A research firm with a reputation for bullish reports on the Spanish property market has gone decidedly bearish in its latest report. Having been optimistic about the market’s prospects in recent years, Asesores Financieros Internacionales (AFI), one of Spain’s best known financial research firms, now forecasts that property prices will fall 30% by 2011, and that the market will not recover until 2012.
“Demand for housing will remain subdued until financial and economic conditions improve,” goes the report, pointing to the labour and credit markets as the main causes for the dire state of the property market.
With demand weak, residential construction will continue to fall, which in turn will depress the economy and demand for housing. Housing starts in the first quarter of the year fell to 30,000, compared to 200,000 in 2007. Expect a total of just 150,000 housing starts this year, a record low, and much of that social housing, say AFI.

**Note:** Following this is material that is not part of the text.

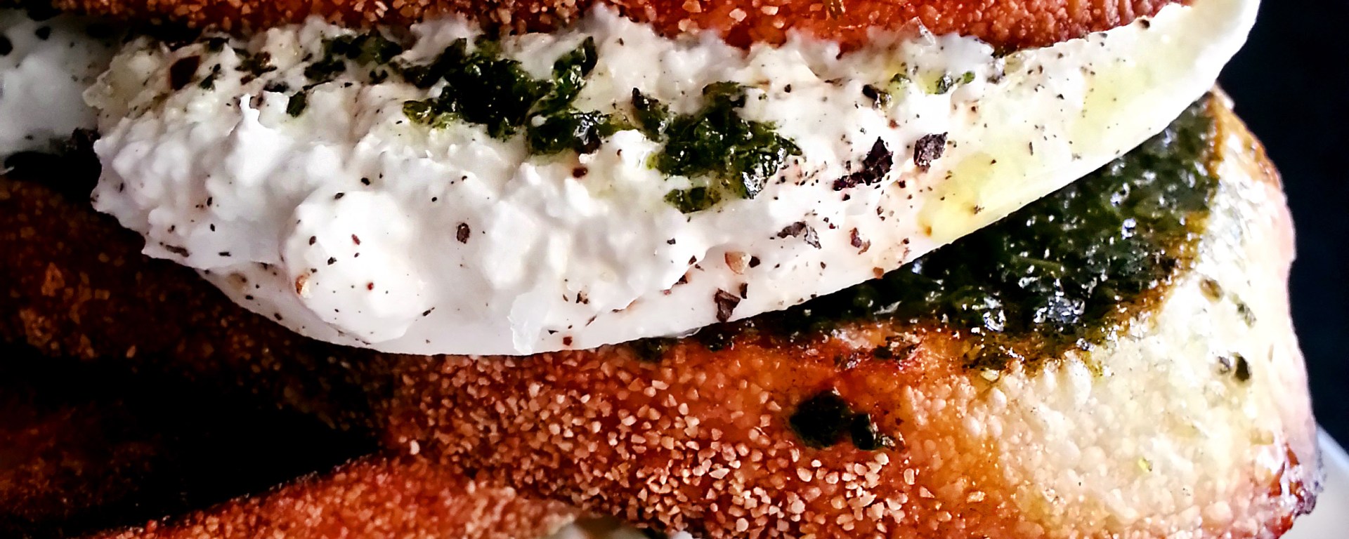 Remove toast from the oven and brush the lighter sides of the toast with the basil puree. Slice up the burrata and top two slices of toast with 4 ounces of cheese a piece. Sprinkle the cheese with a good dose of black pepper and sea salt, an extra little drizzle of oil if you wish, and a few fresh whole leaves of basil. Top each cheese half with its other piece of toast. Eat immediately to get the delightful contrast between the warm, crunchy bread and ice cold cheese.

Unfortunately, thanks to long lead times in the construction industry, the number of new homes completed this year will still be high, reflecting housing starts during the boom. 450,000 new homes will be finished this year, many of them to remain unsold and inflating Spain’s excess inventory of new homes, which AFI estimates at 830,000 by year end (on the low side compared to other estimates of 1 million plus). It will take 3 years to clear this glut, and prices will have to fall by 30%, argue AFI.
“We will have to wait until 2012 to witness a sustained recovery in residential activity,” says the report, forecasting just 300,000 housing starts that year, a long way short of the 900,000 started at the height of the boom. As a result, residential construction’s contribution to Spanish GDP will fall 28% in 2009, and 16% in 2010, reducing it to 5% of GDP, from 9% in 2007.
The recovery, when it comes, will be limited to the primary home market, driven by demographic demand for housing, say AFI. The holiday home market, concentrated mainly on the coast, will take longer to recover, and will play a much smaller role in future, say AFI.
S&P also gloomy on the Spanish property market
A recent report on European housing markets from the credit ratings agency Standard & Poor’s (S&P) also predicts Spain’s property market will remain in the doldrums until 2012. “The Spanish housing market is poised for an extended period of adjustment, with prices declining until 2012,” it said. S&P point out that countries with high levels of household debt, like Spain and the UK, have the biggest hill to climb towards recovery.